AVAILABLE DATA Block Start
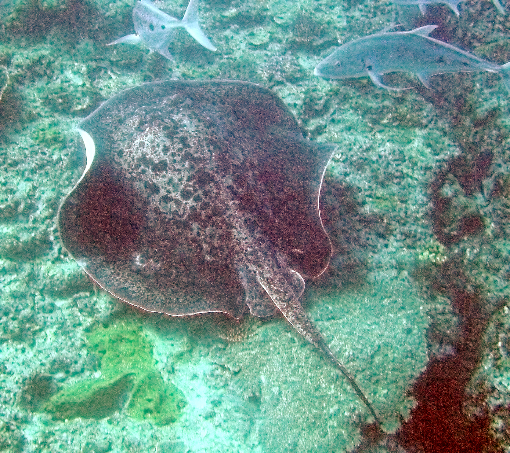 Blotched fantail ray (Taeniura meyeni) at Ningaloo Reef, Australia.
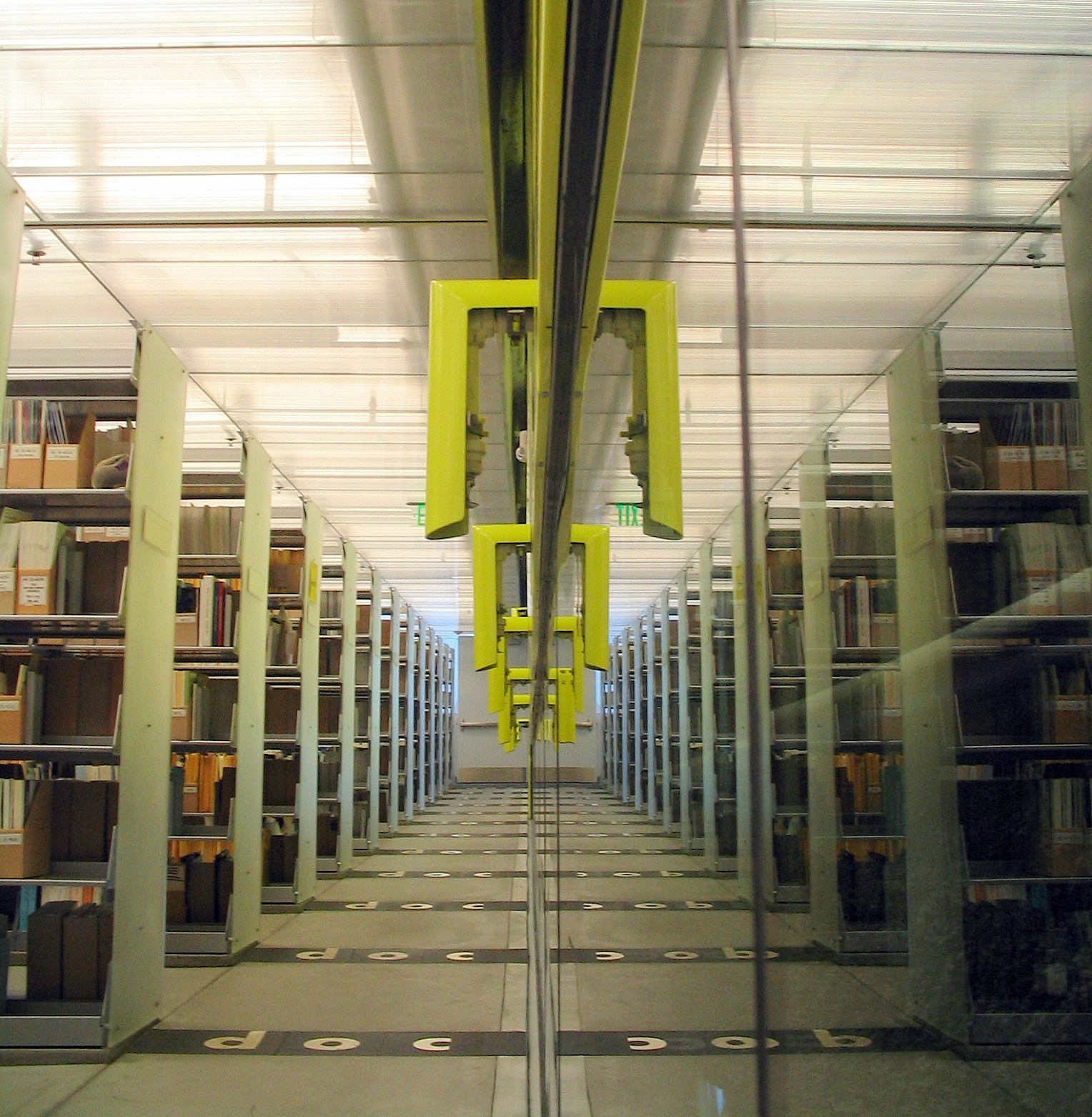 Seattle Central LibraryGlass Wall
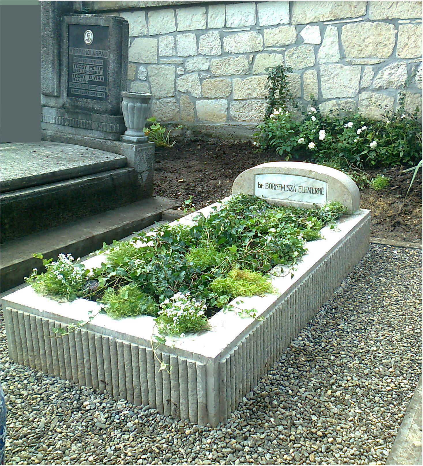 Tomb of br. Carola Szilvássy (Bornemissza Elemérné)
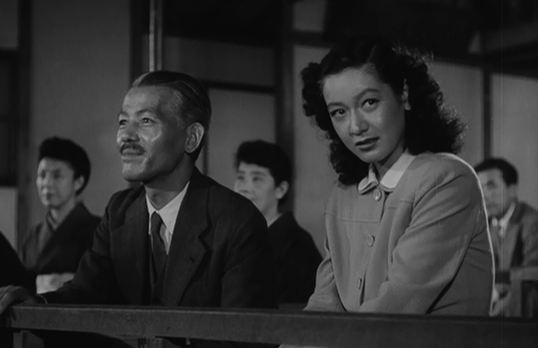 Chishu Ryu and Setsuko Hara in the 1949 public domain Japanese movie Banshun (Late Spring) by Yasujiro Ozu
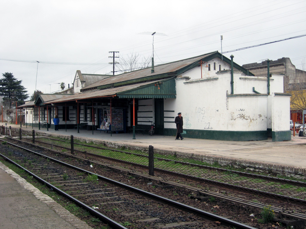 Coronel Brandsen Train Station
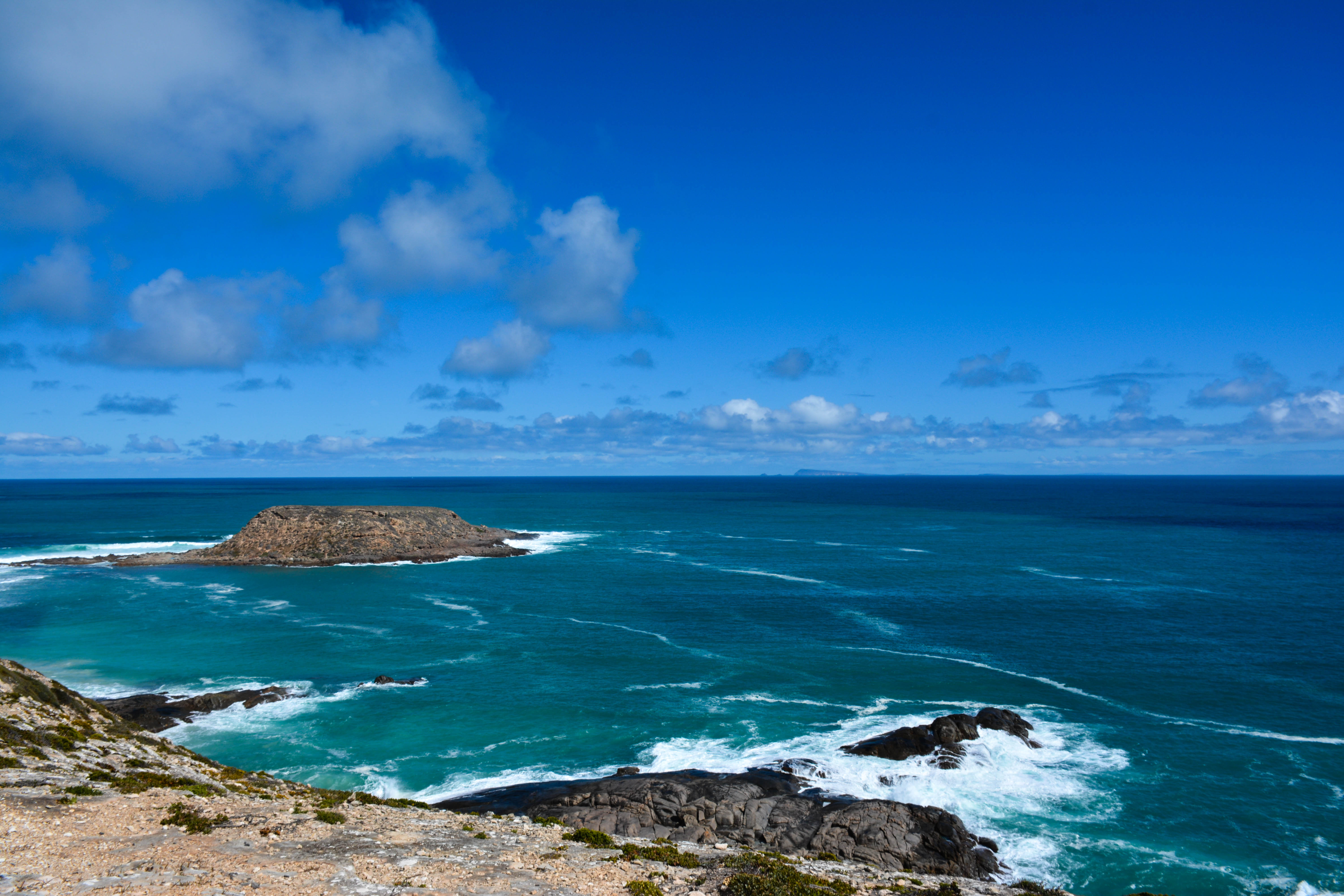 Looking west from Royston Head towards the small Royston Island, Innes National Park, Yorke Peninsula, South Australia. Wedge Island is visible on the horizon.
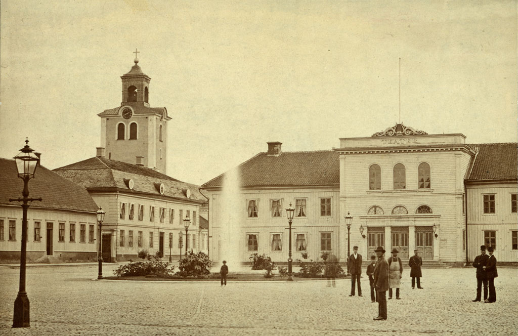 Hovrättstorget (Court of Appeal square) in Jönköping. In the background is the tower of Kristine church. Hovrättstorget i Jönköping. I bakgrunden tornet till Kristine kyrka. Parish (socken): Jönköping Province (landskap): Småland Municipality (kommun): Jönköping County (län): Jönköping Photograph by: Unknown Date: 1870s Format: Albumen print Persistent URL: Read more about the photo database (in english)
AVAILABLE DATA Block End
_TASK DESCRIPTION:_
Please write out exactly the lines from the one holding "Coronel Brandsen Train Station" through the last line of the material above, both included, as a copy without pictures.

_SOLUTION TO THIS EXERCISE:_
 Coronel Brandsen Train Station
 Looking west from Royston Head towards the small Royston Island, Innes National Park, Yorke Peninsula, South Australia. Wedge Island is visible on the horizon.
 Hovrättstorget (Court of Appeal square) in Jönköping. In the background is the tower of Kristine church. Hovrättstorget i Jönköping. I bakgrunden tornet till Kristine kyrka. Parish (socken): Jönköping Province (landskap): Småland Municipality (kommun): Jönköping County (län): Jönköping Photograph by: Unknown Date: 1870s Format: Albumen print Persistent URL: Read more about the photo database (in english)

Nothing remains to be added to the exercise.